Mit dem Ratschenplakat fordert die Brucker Pfarrgemeinde zum Mitmachen auf.  
Thomas Petznek-Böhm

Wenn es die Erzdiözese erlaubt, wird die Mannswörther Ratschengruppe heuer aber mit genügend Abstand und Schutzmasken am Karfreitag und Karsamstag durch den Ort ziehen. Die Osternestsuche nach der Sonntagsmesse im Pfarrgarten fällt allerdings aus, aber der Ostergruß soll traditionell von den Kindern in Mannswörth von Haus zu Haus überbracht werden. Beim Ostergruß spenden die Besuchten als Dankeschön etwas Süßes und auch Geld für das wöchentliche Ministrieren in der Kirche. 2019 waren 20 Kinder beim Ratschen dabei. Wie viele es heuer sein werden, kann Schneider noch nicht sagen – es wären aber alle Mannswörther Kinder willkommen mitzumachen.

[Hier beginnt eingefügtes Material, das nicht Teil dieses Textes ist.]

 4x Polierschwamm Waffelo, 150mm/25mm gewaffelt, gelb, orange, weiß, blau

Auch die Ratschenkinder in Schwadorf müssen, wie schon 2020 auf viele nette Traditionen verzichten. „Besonders für die Minis war die Karwoche eine Herausforderung. Täglich gab es eine Probe für die darauffolgende Messe, für die sie am Gründonnerstag bereits eine Stunde früher eingetroffen und am Karsamstag eine Stunde länger als alle anderen Kinder in der Kirche geblieben sind“, berichtet Jungscharleiterin Julia Vidic. Die Kinder durften, laut Vidic, von Gründonnerstag bis Ostersonntag in der Pfarre übernachten, gemeinsam Frühstücken und Mittagessen. Darum war das Ratschen jedes Jahr ein Highlight für Groß und Klein.

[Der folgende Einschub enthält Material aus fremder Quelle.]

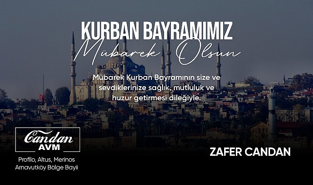 Candan AVM Profilo, Altus, Merinos Arnavutköy Bölge Bayii Zafer CANDAN Kurban Bayramı İçin Yayınladığı Bayram Mesajında Şu İfadeleri Kullandı "Kurban Bayramının tüm dünyada sevgi, hoşgörü ve kardeşlik duygularını pekiştirmesini dilerim. Bayramınız mübarek olsun!"

Und wie werden die Schwadorfer Ratschenkinder heuer ihre Aufgabe lösen? „Im Prinzip soll es heuer so ablaufen, dass wir uns nur zum Ratschen treffen, ohne Übernachtung und ohne Verpflegung“, meint die Jungscharleiterin. Falls das Wetter es zulässt, ist geplant, dass die Kinder am Karfreitag zwischen den Ratschen-Einheiten im Garten spielen dürfen.

„Fensterratschen“ als Krisen-Alternative

In Bruck ist Thomas Petznek-Böhm mit den Ratschenkindern unterwegs. Im ersten Lockdown 2020 entstand die Idee des „Fensterratschens“. Vergnügt denkt der Pfarrgemeinderat  an die Vorjahres-Aktion zurück: „Mein Vater ist zu allen Ratschenstunden bei uns in der Siedlung aufs Dach geklettert und hat von dort das Kommando übernommen und auch die traditionellen Ratschensprüche hinausposaunt.“ Nach Ostern haben sich, laut Petznek-Böhm, einige Menschen bei seinen Eltern bedankt und versprochen heuer ebenfalls aus den Fenstern zu ratschen und zu rufen. Daher setzt man auch heuer auf das „Fensterratschen“.

Vermutlich komplett gestrichen wird die Ratschen-Tradition heuer in Prellenkirchen. Martina Doplik, stellvertretende Vorsitzende des Pfarrgemeinderates berichtet: „Es ist noch nicht fix, aber wahrscheinlich werden unsere Kinder heuer nicht mit den Ratschen unterwegs sein.“ Auch Ersatzaktionen werde es keine geben. Die Jungscharkinder bereiten sich zuhause auf Ostern vor, indem beispielsweise ein Ostertisch geschmückt wird.